Extracted records
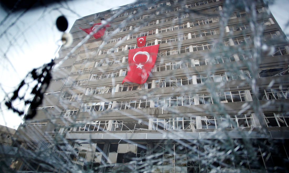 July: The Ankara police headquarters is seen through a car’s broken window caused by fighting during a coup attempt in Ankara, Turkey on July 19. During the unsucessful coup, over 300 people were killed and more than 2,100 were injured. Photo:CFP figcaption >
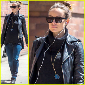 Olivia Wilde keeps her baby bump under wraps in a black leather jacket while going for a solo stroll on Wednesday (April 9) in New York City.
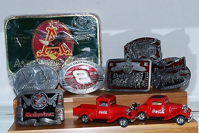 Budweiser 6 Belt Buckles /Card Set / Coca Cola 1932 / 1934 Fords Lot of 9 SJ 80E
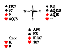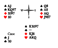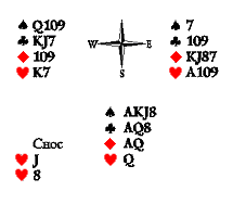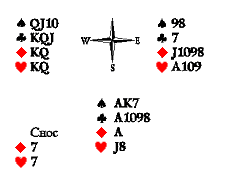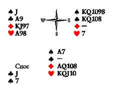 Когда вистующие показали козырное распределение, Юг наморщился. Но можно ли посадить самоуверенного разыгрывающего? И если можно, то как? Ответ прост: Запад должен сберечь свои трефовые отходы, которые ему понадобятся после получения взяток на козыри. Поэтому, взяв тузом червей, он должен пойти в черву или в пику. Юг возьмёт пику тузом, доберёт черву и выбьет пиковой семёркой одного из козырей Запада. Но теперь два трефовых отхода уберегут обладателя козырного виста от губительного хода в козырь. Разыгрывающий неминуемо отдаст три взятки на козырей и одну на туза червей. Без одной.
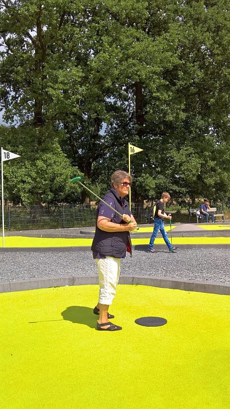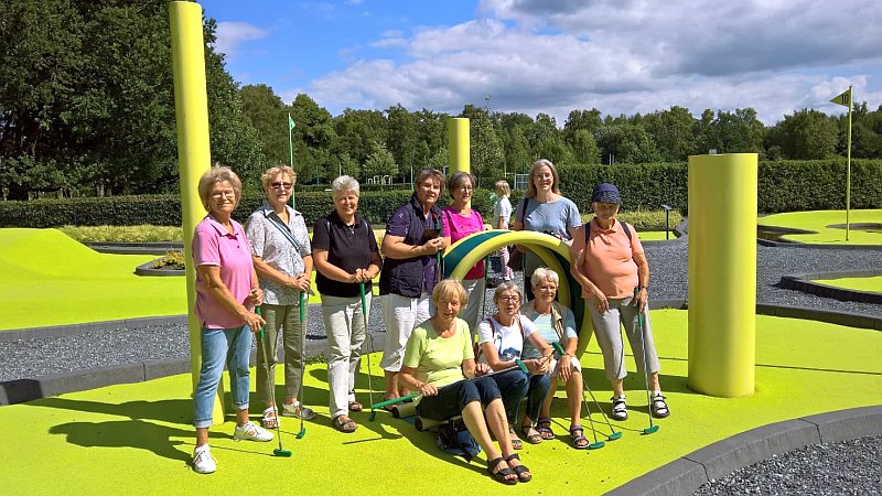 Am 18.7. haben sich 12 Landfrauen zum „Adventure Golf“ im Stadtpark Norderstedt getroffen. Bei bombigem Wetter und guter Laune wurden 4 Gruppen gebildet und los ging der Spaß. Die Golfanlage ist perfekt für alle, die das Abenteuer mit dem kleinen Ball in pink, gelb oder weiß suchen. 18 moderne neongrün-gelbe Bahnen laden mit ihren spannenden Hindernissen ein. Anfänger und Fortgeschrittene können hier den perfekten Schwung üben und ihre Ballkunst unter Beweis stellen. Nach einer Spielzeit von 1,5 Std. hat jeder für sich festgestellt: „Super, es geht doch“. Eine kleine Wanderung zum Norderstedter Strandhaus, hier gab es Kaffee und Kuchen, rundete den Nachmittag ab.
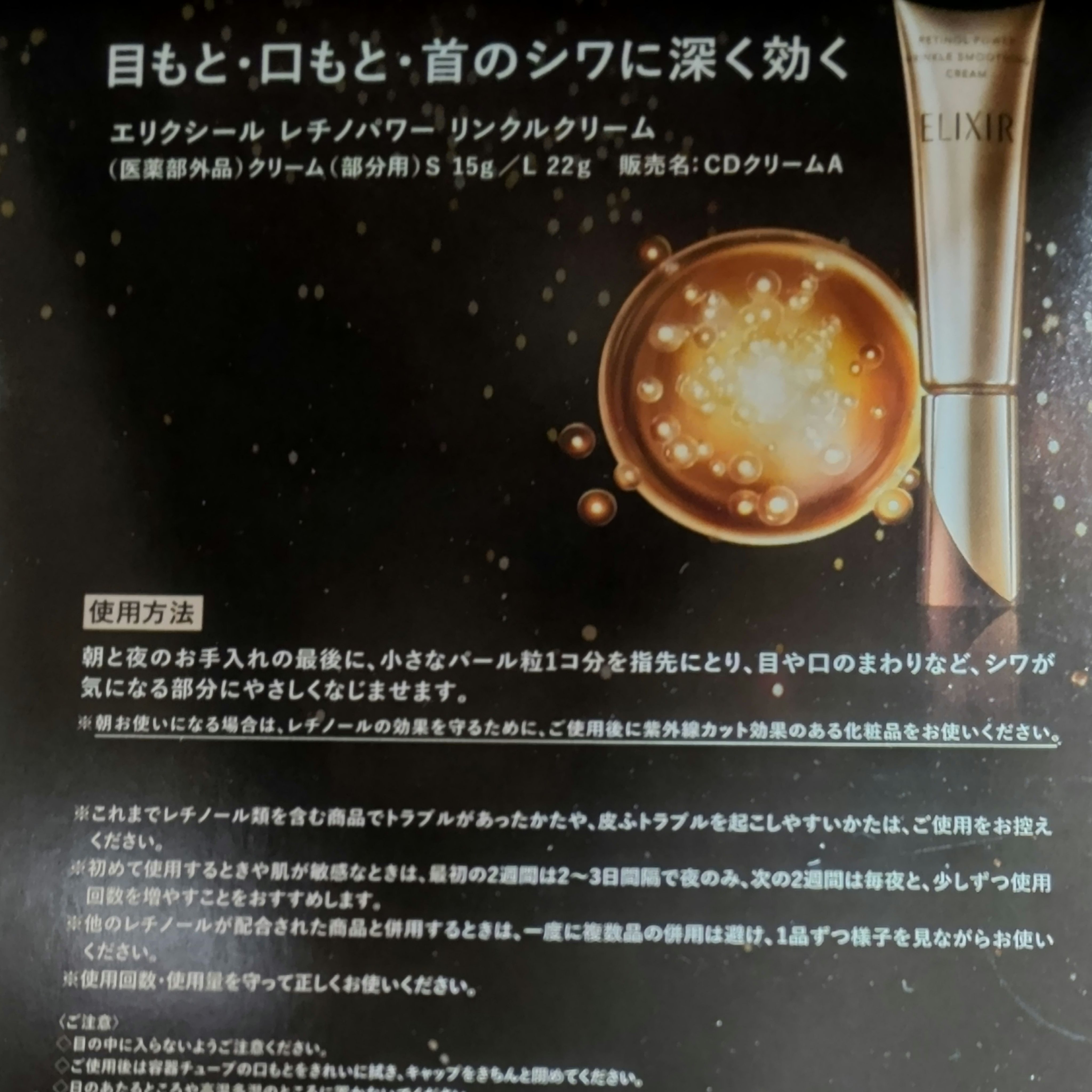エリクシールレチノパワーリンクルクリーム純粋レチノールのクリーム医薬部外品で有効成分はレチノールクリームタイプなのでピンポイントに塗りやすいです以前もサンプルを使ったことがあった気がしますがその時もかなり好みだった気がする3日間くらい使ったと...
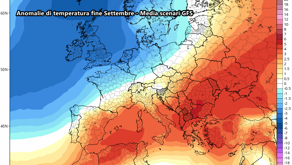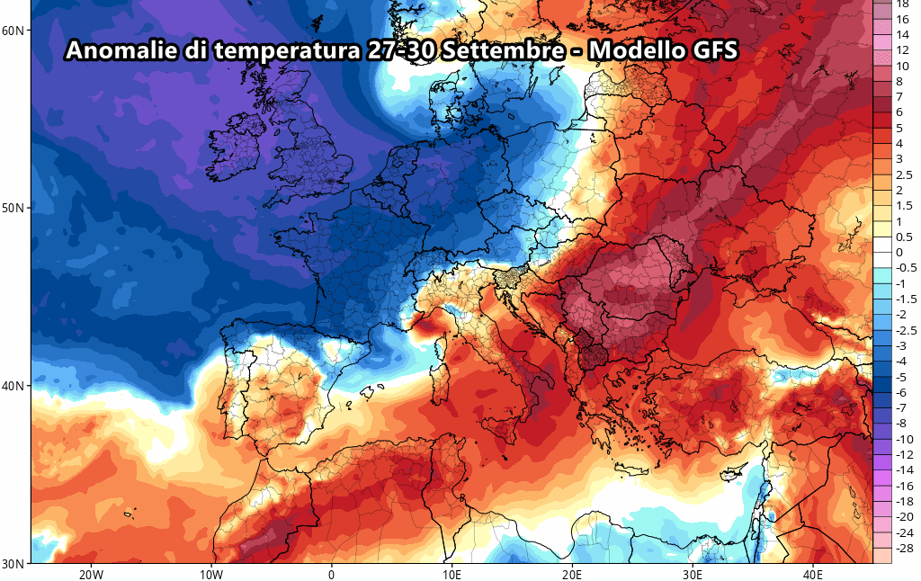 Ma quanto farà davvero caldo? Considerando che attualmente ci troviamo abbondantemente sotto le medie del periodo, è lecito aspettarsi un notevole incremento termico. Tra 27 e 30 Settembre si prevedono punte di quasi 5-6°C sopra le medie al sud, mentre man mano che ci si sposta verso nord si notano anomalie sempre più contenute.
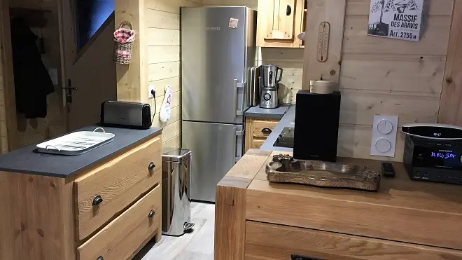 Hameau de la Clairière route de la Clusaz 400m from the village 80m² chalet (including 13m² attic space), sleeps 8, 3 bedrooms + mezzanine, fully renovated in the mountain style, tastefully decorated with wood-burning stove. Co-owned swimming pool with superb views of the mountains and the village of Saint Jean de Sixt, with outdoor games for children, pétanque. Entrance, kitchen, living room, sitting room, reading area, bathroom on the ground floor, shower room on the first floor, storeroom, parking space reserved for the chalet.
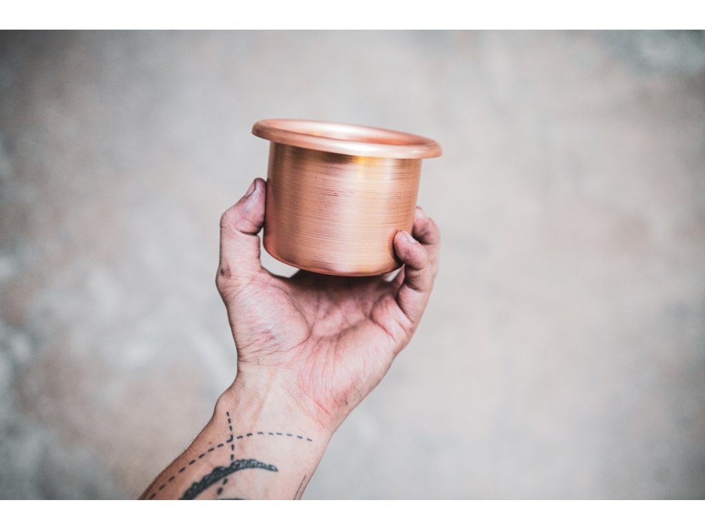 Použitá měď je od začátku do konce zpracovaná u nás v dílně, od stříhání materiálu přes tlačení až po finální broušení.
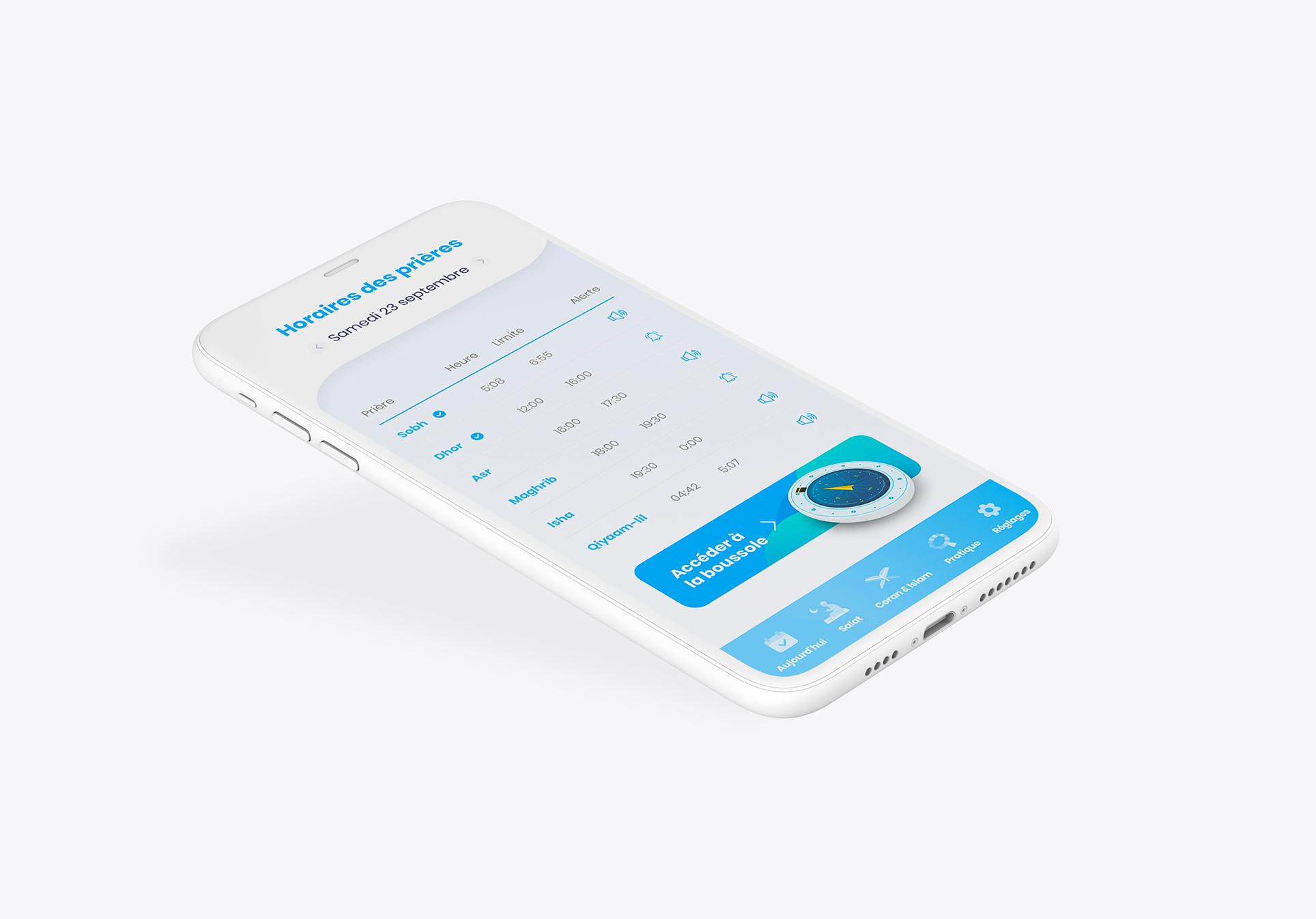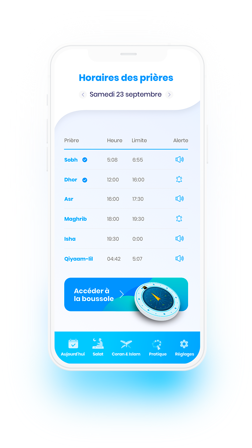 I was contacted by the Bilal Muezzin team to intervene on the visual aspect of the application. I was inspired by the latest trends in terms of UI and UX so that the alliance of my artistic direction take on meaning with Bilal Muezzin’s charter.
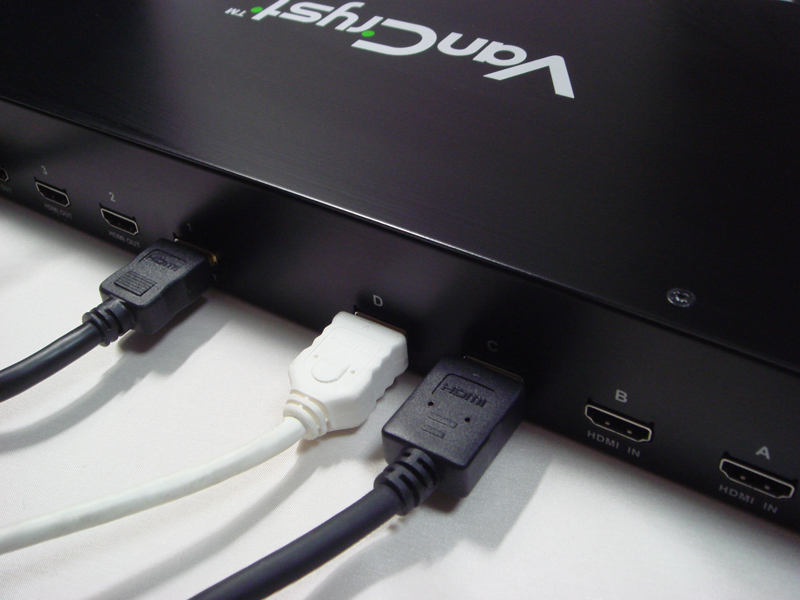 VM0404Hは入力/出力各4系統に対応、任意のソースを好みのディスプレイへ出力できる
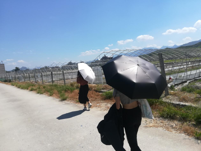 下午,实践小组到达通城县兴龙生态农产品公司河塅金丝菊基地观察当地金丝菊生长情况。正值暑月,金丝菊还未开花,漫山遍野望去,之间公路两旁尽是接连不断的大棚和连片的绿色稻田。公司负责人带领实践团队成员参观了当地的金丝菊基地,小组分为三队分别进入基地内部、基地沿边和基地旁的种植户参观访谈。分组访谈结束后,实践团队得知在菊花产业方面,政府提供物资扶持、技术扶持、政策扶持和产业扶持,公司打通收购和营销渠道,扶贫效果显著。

*PROBLEM DESCRIPTION*
Where a picture appears in the records above, omit it, and transcribe exactly the stretch of lines from the one with "Olivia Wilde keeps" through the one with "Budweiser 6 Belt".

*PROBLEM SOLUTION*
 Olivia Wilde keeps her baby bump under wraps in a black leather jacket while going for a solo stroll on Wednesday (April 9) in New York City.
 Budweiser 6 Belt Buckles /Card Set / Coca Cola 1932 / 1934 Fords Lot of 9 SJ 80E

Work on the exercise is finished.